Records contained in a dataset
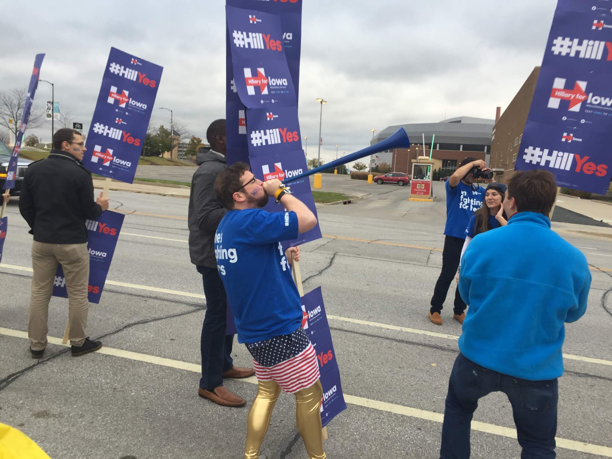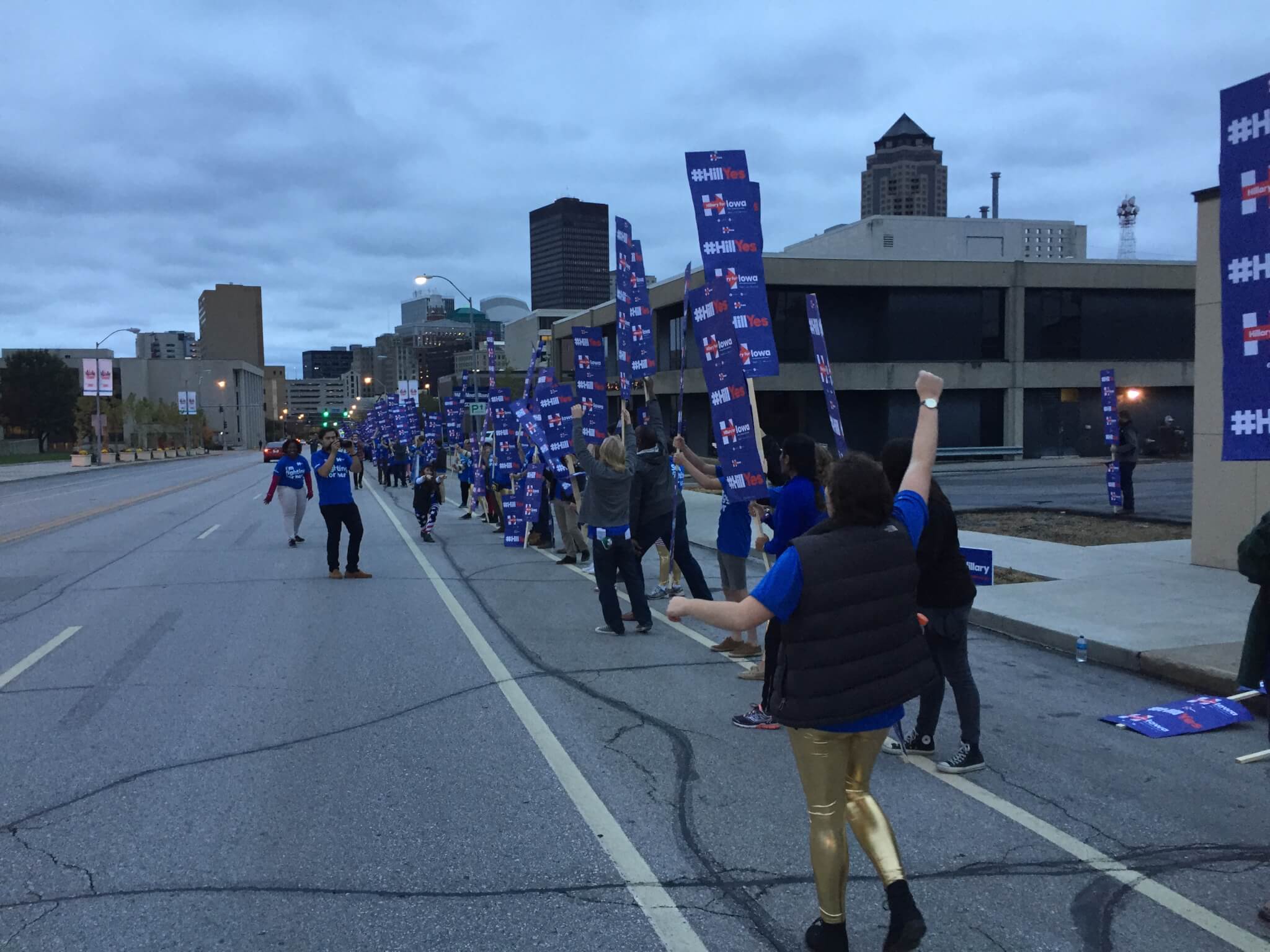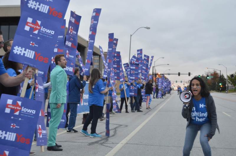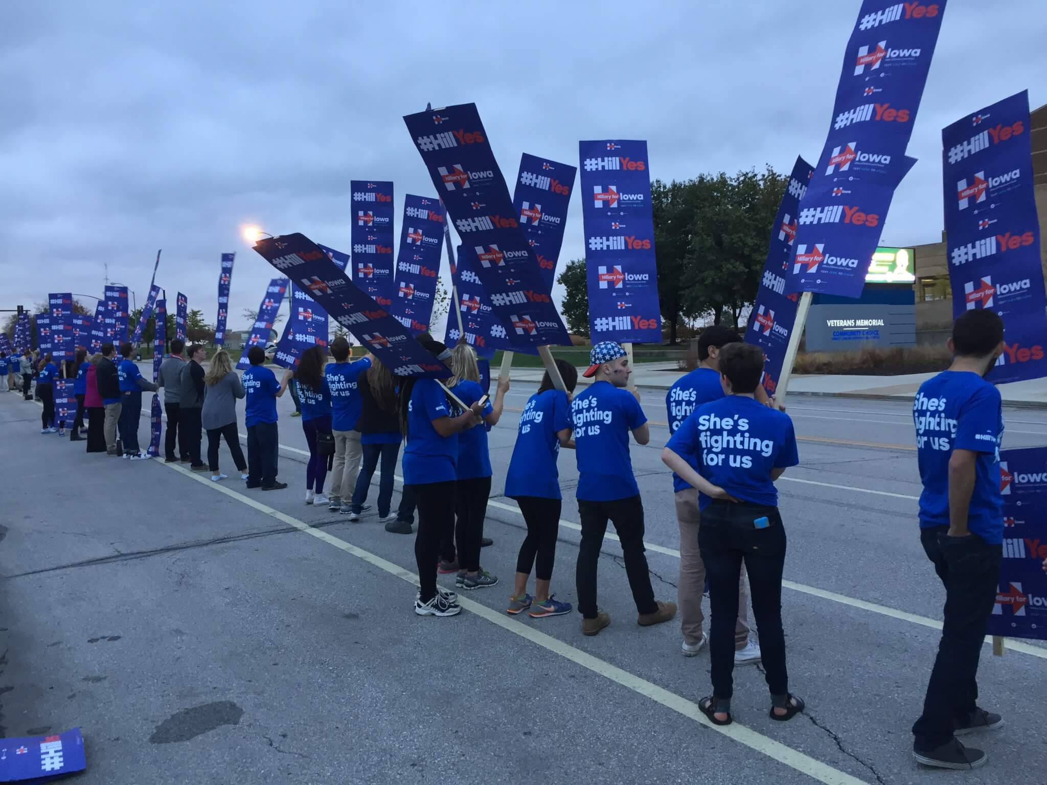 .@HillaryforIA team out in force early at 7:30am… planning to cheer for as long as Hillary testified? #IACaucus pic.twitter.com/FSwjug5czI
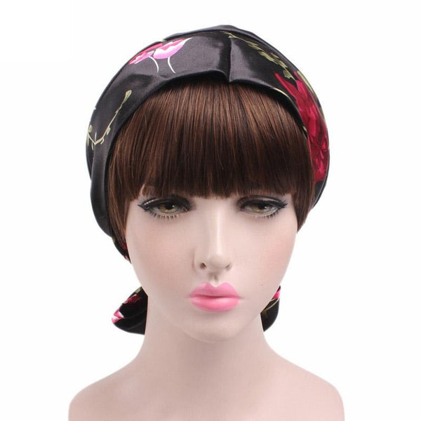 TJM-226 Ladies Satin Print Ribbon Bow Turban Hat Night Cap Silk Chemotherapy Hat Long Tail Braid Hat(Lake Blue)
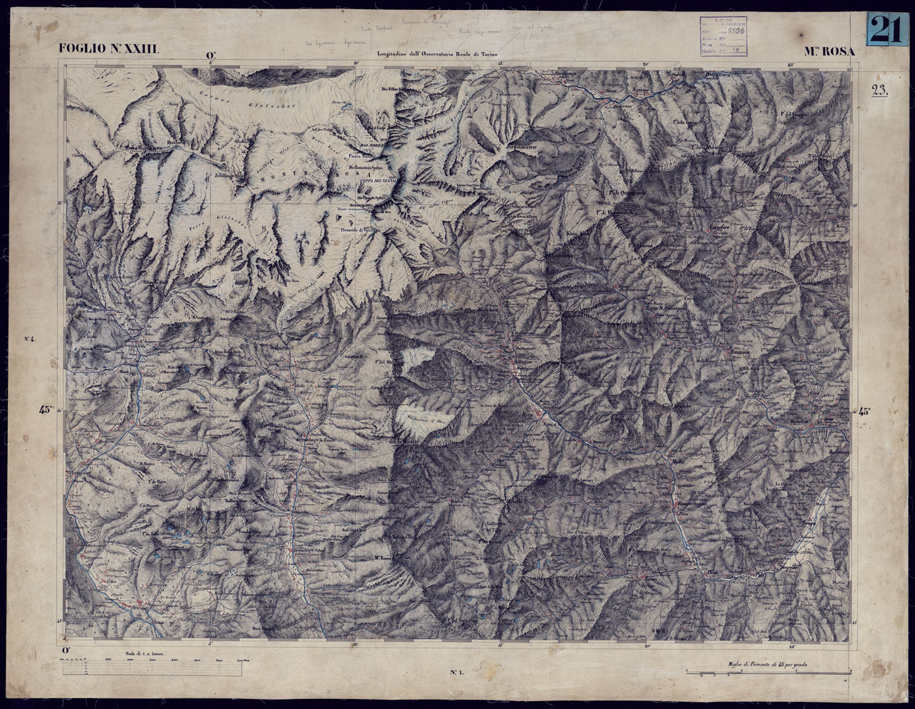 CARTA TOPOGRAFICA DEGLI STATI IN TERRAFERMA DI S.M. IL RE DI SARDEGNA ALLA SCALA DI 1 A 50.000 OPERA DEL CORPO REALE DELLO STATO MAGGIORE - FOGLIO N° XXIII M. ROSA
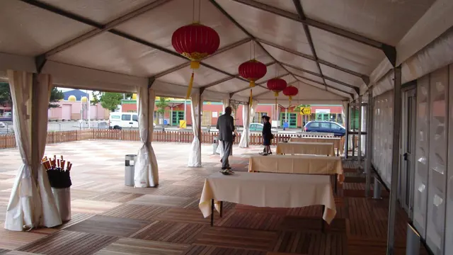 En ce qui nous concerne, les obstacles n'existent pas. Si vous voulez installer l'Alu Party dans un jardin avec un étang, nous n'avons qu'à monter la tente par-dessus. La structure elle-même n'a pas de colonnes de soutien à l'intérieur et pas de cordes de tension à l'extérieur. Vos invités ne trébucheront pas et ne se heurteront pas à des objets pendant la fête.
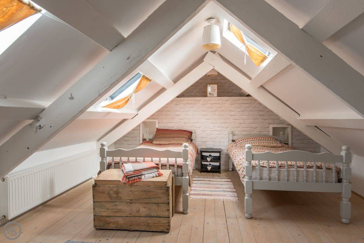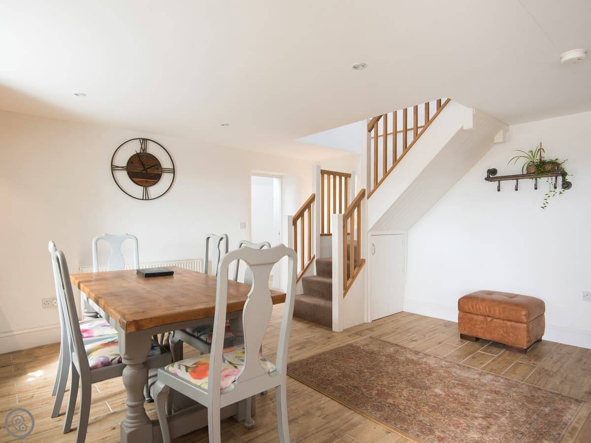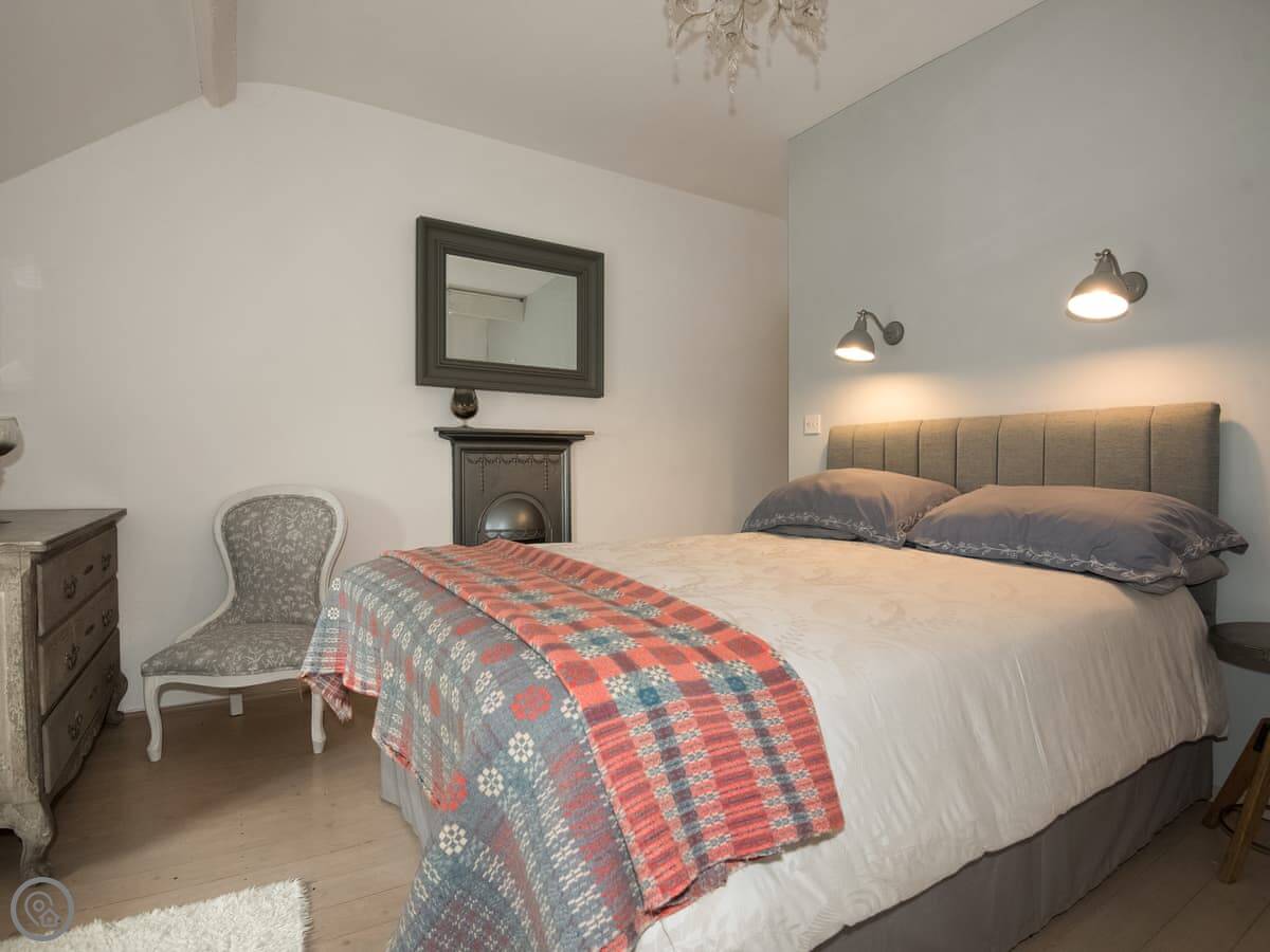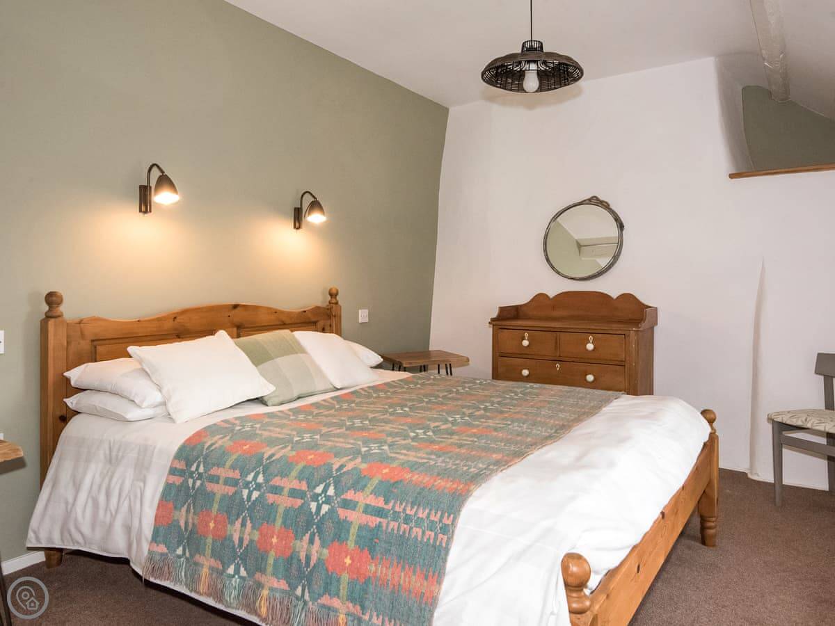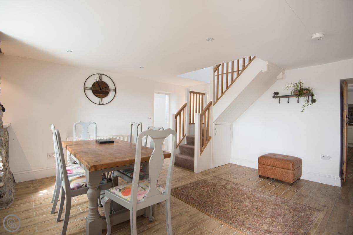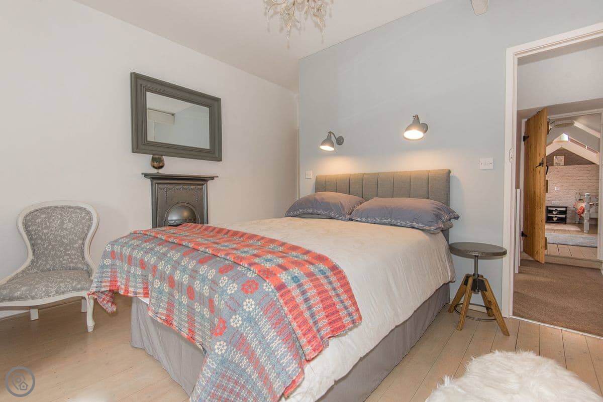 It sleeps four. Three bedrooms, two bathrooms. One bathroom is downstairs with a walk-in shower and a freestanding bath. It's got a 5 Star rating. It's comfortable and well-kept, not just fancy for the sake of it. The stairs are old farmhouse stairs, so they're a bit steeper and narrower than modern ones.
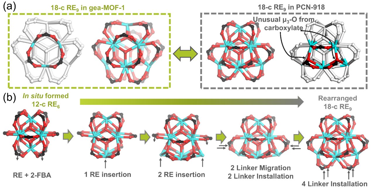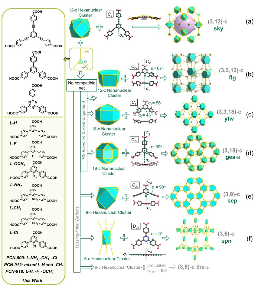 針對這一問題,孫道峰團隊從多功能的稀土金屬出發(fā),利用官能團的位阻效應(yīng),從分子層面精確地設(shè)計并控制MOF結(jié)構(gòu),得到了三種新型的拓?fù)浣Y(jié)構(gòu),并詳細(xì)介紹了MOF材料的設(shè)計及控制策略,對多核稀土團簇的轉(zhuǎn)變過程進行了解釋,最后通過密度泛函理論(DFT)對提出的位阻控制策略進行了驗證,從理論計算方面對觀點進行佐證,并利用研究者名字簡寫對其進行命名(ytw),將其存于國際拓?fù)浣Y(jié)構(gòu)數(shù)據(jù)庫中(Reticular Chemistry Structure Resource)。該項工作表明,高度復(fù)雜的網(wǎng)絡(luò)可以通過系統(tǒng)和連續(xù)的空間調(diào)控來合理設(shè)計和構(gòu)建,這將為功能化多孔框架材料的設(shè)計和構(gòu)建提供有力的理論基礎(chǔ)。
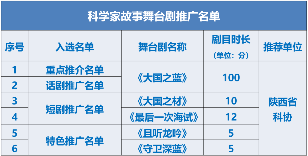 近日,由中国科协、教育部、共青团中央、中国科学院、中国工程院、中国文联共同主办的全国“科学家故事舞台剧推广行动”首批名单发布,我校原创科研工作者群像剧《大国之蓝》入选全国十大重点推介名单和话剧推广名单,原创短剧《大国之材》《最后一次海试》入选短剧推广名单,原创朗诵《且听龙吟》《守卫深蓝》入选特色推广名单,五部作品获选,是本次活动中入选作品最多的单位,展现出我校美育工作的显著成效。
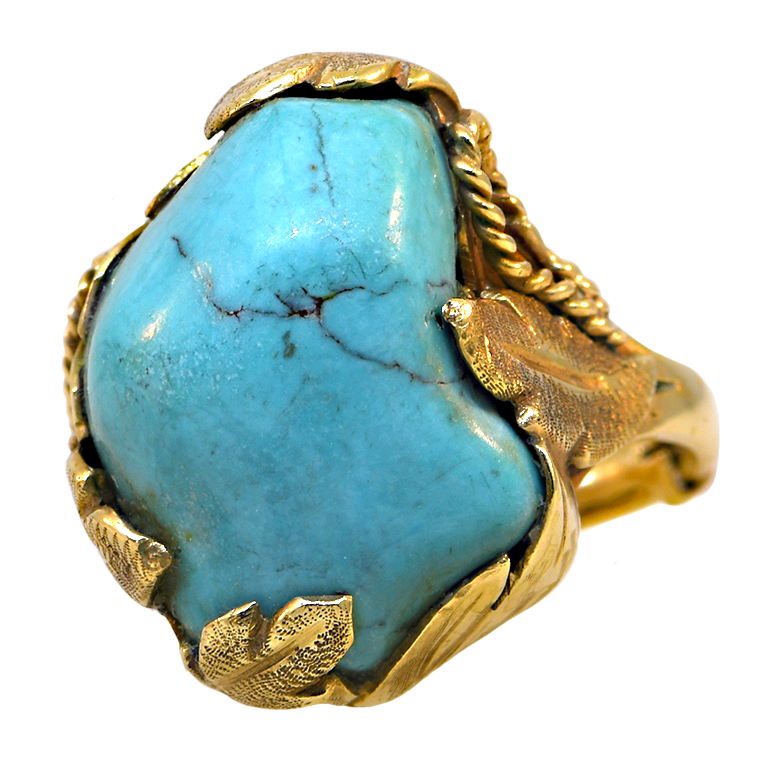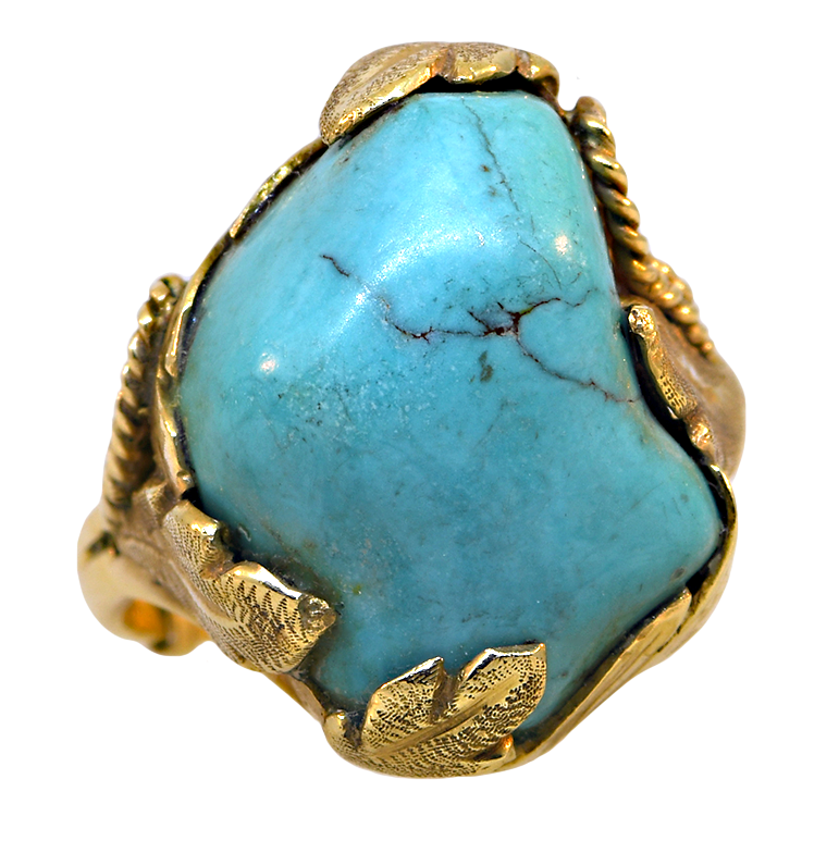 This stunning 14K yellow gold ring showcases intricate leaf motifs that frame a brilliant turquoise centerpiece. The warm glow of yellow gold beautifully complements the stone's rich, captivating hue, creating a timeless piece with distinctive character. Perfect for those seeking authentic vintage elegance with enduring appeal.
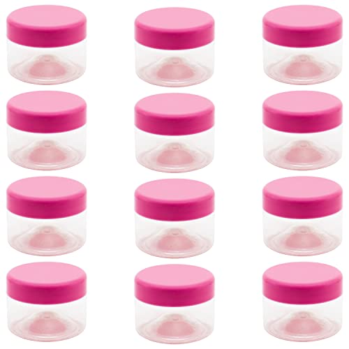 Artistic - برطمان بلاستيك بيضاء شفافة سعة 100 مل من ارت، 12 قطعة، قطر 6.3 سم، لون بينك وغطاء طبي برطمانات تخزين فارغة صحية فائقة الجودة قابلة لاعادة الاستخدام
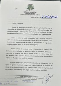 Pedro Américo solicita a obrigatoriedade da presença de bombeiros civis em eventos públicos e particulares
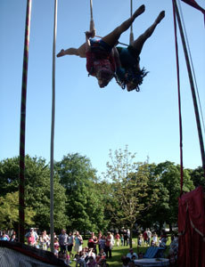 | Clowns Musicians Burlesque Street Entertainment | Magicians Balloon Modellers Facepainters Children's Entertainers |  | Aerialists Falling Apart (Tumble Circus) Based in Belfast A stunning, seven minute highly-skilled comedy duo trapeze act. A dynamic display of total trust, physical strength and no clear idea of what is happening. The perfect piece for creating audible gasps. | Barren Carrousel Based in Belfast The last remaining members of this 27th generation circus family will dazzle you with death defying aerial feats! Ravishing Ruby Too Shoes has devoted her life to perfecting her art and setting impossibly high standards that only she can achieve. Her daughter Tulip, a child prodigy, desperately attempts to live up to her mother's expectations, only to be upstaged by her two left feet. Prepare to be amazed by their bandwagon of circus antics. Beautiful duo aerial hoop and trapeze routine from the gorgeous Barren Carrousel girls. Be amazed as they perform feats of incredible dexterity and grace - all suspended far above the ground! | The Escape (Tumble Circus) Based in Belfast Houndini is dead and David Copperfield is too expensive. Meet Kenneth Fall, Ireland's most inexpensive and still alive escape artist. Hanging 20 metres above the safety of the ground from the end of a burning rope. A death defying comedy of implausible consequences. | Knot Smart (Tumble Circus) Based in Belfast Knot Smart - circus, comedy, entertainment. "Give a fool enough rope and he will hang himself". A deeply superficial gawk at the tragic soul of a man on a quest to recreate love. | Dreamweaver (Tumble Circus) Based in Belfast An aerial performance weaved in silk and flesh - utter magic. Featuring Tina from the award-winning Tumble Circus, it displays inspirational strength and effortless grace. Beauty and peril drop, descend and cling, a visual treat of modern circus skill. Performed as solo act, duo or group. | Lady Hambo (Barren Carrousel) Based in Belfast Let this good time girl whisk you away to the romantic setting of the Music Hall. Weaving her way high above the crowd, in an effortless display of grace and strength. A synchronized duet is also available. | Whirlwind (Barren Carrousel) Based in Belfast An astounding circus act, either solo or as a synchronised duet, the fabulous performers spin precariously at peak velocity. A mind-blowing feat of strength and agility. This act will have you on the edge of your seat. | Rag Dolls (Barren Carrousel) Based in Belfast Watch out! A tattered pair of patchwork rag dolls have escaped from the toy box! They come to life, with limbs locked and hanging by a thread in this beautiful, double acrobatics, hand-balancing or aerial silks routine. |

What needs to be done = Look back at the data above, then output exactly the lines from the line holding "CARTA TOPOGRAFICA DEGLI" up to and including the line holding "近日,由中国科协、教育部、共". Leave out the pictures.

Solution to the problem =
 CARTA TOPOGRAFICA DEGLI STATI IN TERRAFERMA DI S.M. IL RE DI SARDEGNA ALLA SCALA DI 1 A 50.000 OPERA DEL CORPO REALE DELLO STATO MAGGIORE - FOGLIO N° XXIII M. ROSA
 En ce qui nous concerne, les obstacles n'existent pas. Si vous voulez installer l'Alu Party dans un jardin avec un étang, nous n'avons qu'à monter la tente par-dessus. La structure elle-même n'a pas de colonnes de soutien à l'intérieur et pas de cordes de tension à l'extérieur. Vos invités ne trébucheront pas et ne se heurteront pas à des objets pendant la fête.
 It sleeps four. Three bedrooms, two bathrooms. One bathroom is downstairs with a walk-in shower and a freestanding bath. It's got a 5 Star rating. It's comfortable and well-kept, not just fancy for the sake of it. The stairs are old farmhouse stairs, so they're a bit steeper and narrower than modern ones.
 針對這一問題,孫道峰團隊從多功能的稀土金屬出發(fā),利用官能團的位阻效應(yīng),從分子層面精確地設(shè)計并控制MOF結(jié)構(gòu),得到了三種新型的拓?fù)浣Y(jié)構(gòu),并詳細(xì)介紹了MOF材料的設(shè)計及控制策略,對多核稀土團簇的轉(zhuǎn)變過程進行了解釋,最后通過密度泛函理論(DFT)對提出的位阻控制策略進行了驗證,從理論計算方面對觀點進行佐證,并利用研究者名字簡寫對其進行命名(ytw),將其存于國際拓?fù)浣Y(jié)構(gòu)數(shù)據(jù)庫中(Reticular Chemistry Structure Resource)。該項工作表明,高度復(fù)雜的網(wǎng)絡(luò)可以通過系統(tǒng)和連續(xù)的空間調(diào)控來合理設(shè)計和構(gòu)建,這將為功能化多孔框架材料的設(shè)計和構(gòu)建提供有力的理論基礎(chǔ)。
 近日,由中国科协、教育部、共青团中央、中国科学院、中国工程院、中国文联共同主办的全国“科学家故事舞台剧推广行动”首批名单发布,我校原创科研工作者群像剧《大国之蓝》入选全国十大重点推介名单和话剧推广名单,原创短剧《大国之材》《最后一次海试》入选短剧推广名单,原创朗诵《且听龙吟》《守卫深蓝》入选特色推广名单,五部作品获选,是本次活动中入选作品最多的单位,展现出我校美育工作的显著成效。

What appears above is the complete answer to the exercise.